Die elfte Neuübersetzung des 1869 erschienen Romans startet den achten Versuch eines deutschen Titels. Wird er bleiben?
Es kommt selten genug vor, dass das Nachwort den Höhepunkt einer Lektüre bildet. Hat man sich durch die 576 Seiten des Romans Lehrjahre der Männlichkeit. Geschichte einer Jugend durchgekämpft, sind die 67-seitigen Ausführungen der Übersetzerin Elisabeth Edl wie ein Schwumm im kühlen Bergsee nach einer anstrengenden Wanderung. Ja, die Strecke bot immer wieder eine beeindruckende Aussicht, und es war schon gut und wichtig, diesen legendären Wanderweg einmal gegangen zu sein, aber die Erfrischung am Ende hat es schon gebraucht.
Das Wohltuende an dem kenntnisreichen Nachwort ist der Teil, in dem Edl die Kritiken Revue passieren lässt, die Gustave Flaubert für L’Éducation sentimentale 1869 einstecken musste. Als heutiger Leser erkennt man manchen Gedanken wieder, der bei der Lektüre aufkam: Dass über Hunderte von Seiten keinerlei Entwicklung stattfindet, machte die einen rasend; die anderen mokierten sich, die Frauenfiguren seien eindimensional und hätten nichts zu sagen. Nur Flauberts Mentorin, die Autorin George Sand, verteidigte das Werk als revolutionäre Form des Erzählens.

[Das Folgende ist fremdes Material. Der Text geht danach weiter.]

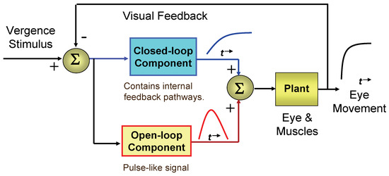 2011) features a pulse signal, but this component can be altered by feedback and therefore is not truly open-loop. All of these models include additional internal feedback signals usually driven by efference copy. This additional control signal may be essential to achieve the speed and stability of the vergence response (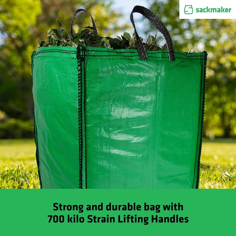 - DURABLE WASTE BAG – Our large garden waste sacks are made from a durable, thick industrial grade woven fabric with 700 kilo Strain lifting handles to take on most green waste, including sharp branches, heavy stones, wet grass etc. Coming in a pack of one, the garden bin bag will also stand up whilst in use, so there is no need for two sets of hands.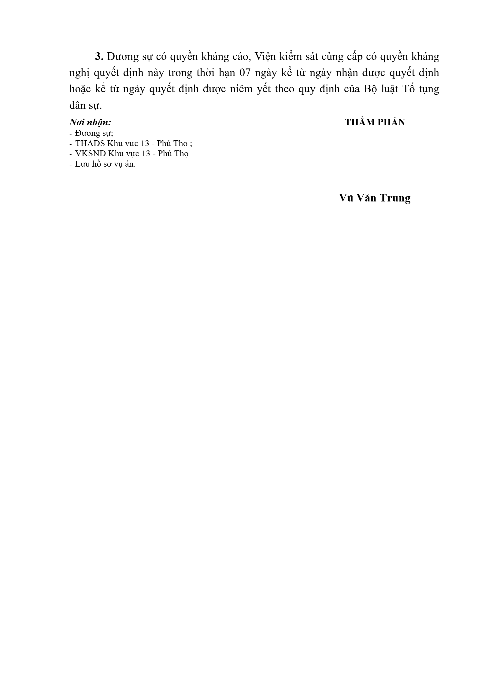 | Tòa án xét xử: | Tòa án nhân dân khu vực 13 - Phú Thọ, tỉnh Phú Thọ |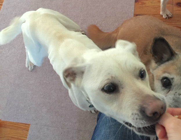 | 特徴(性格など) | MIXの『ヴィクトーリア』です。 (ちばわんHP掲載番号No.4032)←申込時は必ず犬の名前とこの番号を記載してください。 【毛色】白・薄茶 【体重】13.5kg(痩せ過ぎ) 【状態】ワクチン接種済、狂犬病予防接種済、ノミ・ダニ駆除済、駆虫済、マイクロチップ装着済、歯石除去済、一般血液検査済、フィラリア(+) 【人馴】問題なし 【性格・その他】 人が大好きで甘えん坊の女の子です。 目が合っただけで尻尾をパタパタして、すぐにお腹を見せます。攻撃的なところは一切なく、初めての人にも頭を下げてゆっくりと近づき穏やかに挨拶します。 室内でもはしゃぐ事はほとんどありません。ソファーでまったりしたり、お天気の良い日は日向ぼっこを楽しんでいます。 お散歩は強く引くことなくテンポよく歩きます。車通りのある道でも、さほど気にせず淡々と歩きますが、公園で遊ぶ小さなお子さんのはしゃぎ声は苦手なようです。その場から逃げようとするので逸走には注意が必要です。 お留守番は得意ではありません。クレート内の敷物を破いたり、クンクン鳴き続けることがあります。人に対して執着し過ぎる様子が見られるので、求められるがままベタベタと甘えさせるよりも、きちんと距離を取ったメリハリのある接し方をした方が、今後のヴィクトーリアの安定につながると思います。 犬に対しては概ね友好的で、預かり宅の先住犬達とも問題ありません。相手の様子を見てうまく対応しています。相性次第ですが、先住犬のいるお宅のほうが生活に早く馴染めると思います。 排泄は庭と散歩時に済ませています。保護直後は室内での失敗も何度かありましたので、新しい環境ではまたトレーニングが必要になると思います。車酔いはありません。 フィラリアは陽性ですが特に症状は出ていません。早期陰転を目指し、予防薬の通年投与に加えボルバキア治療を開始しました。 十分な脱走対策を施したうえ飼育についてのルールを決めるなど、ご家族皆さんで迷子に関する共通の認識をもって下さり、なるべくお留守番が少なく、今後もクレートトレーニングなど積極的に行ってくださる愛情たっぷりのご家庭を希望しています。 引き続き完全室内飼育で、定期的なワクチン接種やフィラリア治療の継続と予防などの健康管理をきちんとして下さる関東圏内のご家庭で、終生家族の一員として大切にしてくださる方からのお問い合わせをお待ちしています。 なお、主にお世話をされるのが高齢の方のご家庭や同棲カップル、単身者の場合はお断りさせていただきますので、予めご了承ください。 【預かり場所】神奈川県横浜市 【日記】mirumania http://mirumania.exblog.jp/ mirumania(インスタグラム) https://www.instagram.com/mirumania/ 【お申込み】 ちばわんの保護犬への申し込みはhttp://www.chibawan.net/contactform_dogからお願いします。 |
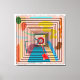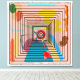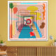 A vibrant and colorful geometric pattern featuring centered concentric squares draws the eye inwards, surrounded by various abstract shapes in bright hues. A targeted arrow points towards the focal point, adding a sense of direction and movement.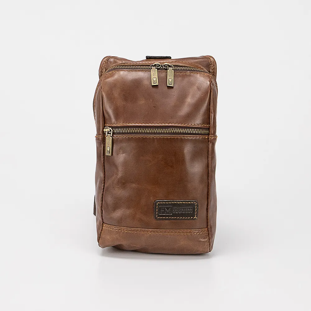 Однолямочный рюкзак от торговой марки Francesco Molinary из натуральной кожи коричневого цвета. Модель с широкой регулируемой плечевой лямкой с карабином, благодаря чему рюкзак можно носить как на правом, так и на левом плече. Отделение на молнии, с фирменной подкладкой. На лицевой и задней сторонах – карман на молнии.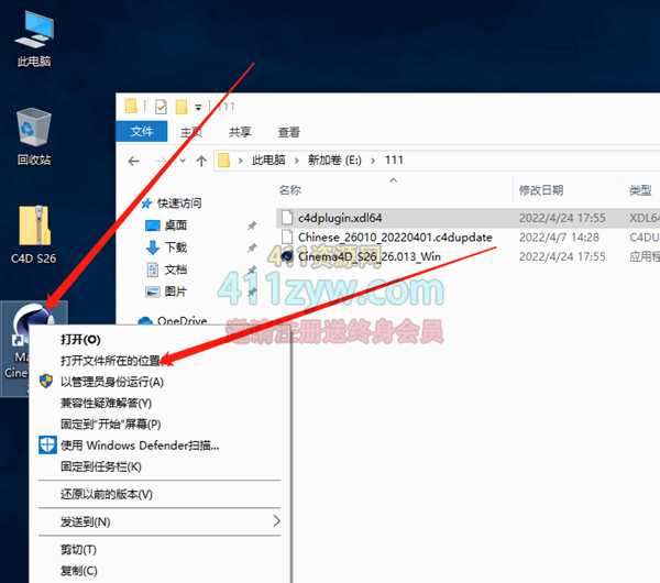 10、右键选择桌面的C4D图标,然后选择“打开文件所在位置”!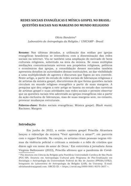 "Nas últimas décadas, a utilização das mídias por igrejas evangélicas brasileiras se intensificou com a disseminação das redes sociais na internet. Viu-se também uma ampliação do mercado de bens culturais religiosos, sobretudo na área da música. Se essas múltiplas mediações comunicacionais servem aos propósitos religiosos, políticos e econômicos das igrejas, a consolidação desses mercados também apresenta desafios às autoridades dessas instituições, ao dar visibilidade a uma multiplicidade de agentes e discursos que fogem ao seu controle. Neste artigo, a partir do estudo de redes sociais de lideranças religiosas e de artistas da música gospel, discutiremos de que forma questões raciais circulam no mundo religioso evangélico a partir de suas margens. A pesquisa que deu origem a este artigo se baseia no estudo das carreiras de artistas gospel e suas atividades nas redes sociais e permite observar que as questões raciais têm adentrado as igrejas evangélicas não a partir da ação exclusiva de lideranças, mas de suas margens sem, no entanto, provocar mudanças estruturais." (Resumo)

Tatsächlich ist die Haupthandlung schnell erzählt: Der junge Provinzler Frédéric Moreau verliebt sich auf den ersten Blick in die verheiratete Pariserin Madame Arnoux. Obwohl sie ihn erst nicht kennt und sich ihm später aus Anstand verweigert, richtet er sein gesamtes Leben an der fixen Idee aus, sie zu verführen. Während die Geschichte Frankreichs ihren turbulenten Lauf nimmt, verspielt Frédéric alle Erbschaften und verscherzt es sich daheim am Land mit einer potenziellen Braut. Gelernt hat er eigentlich nichts.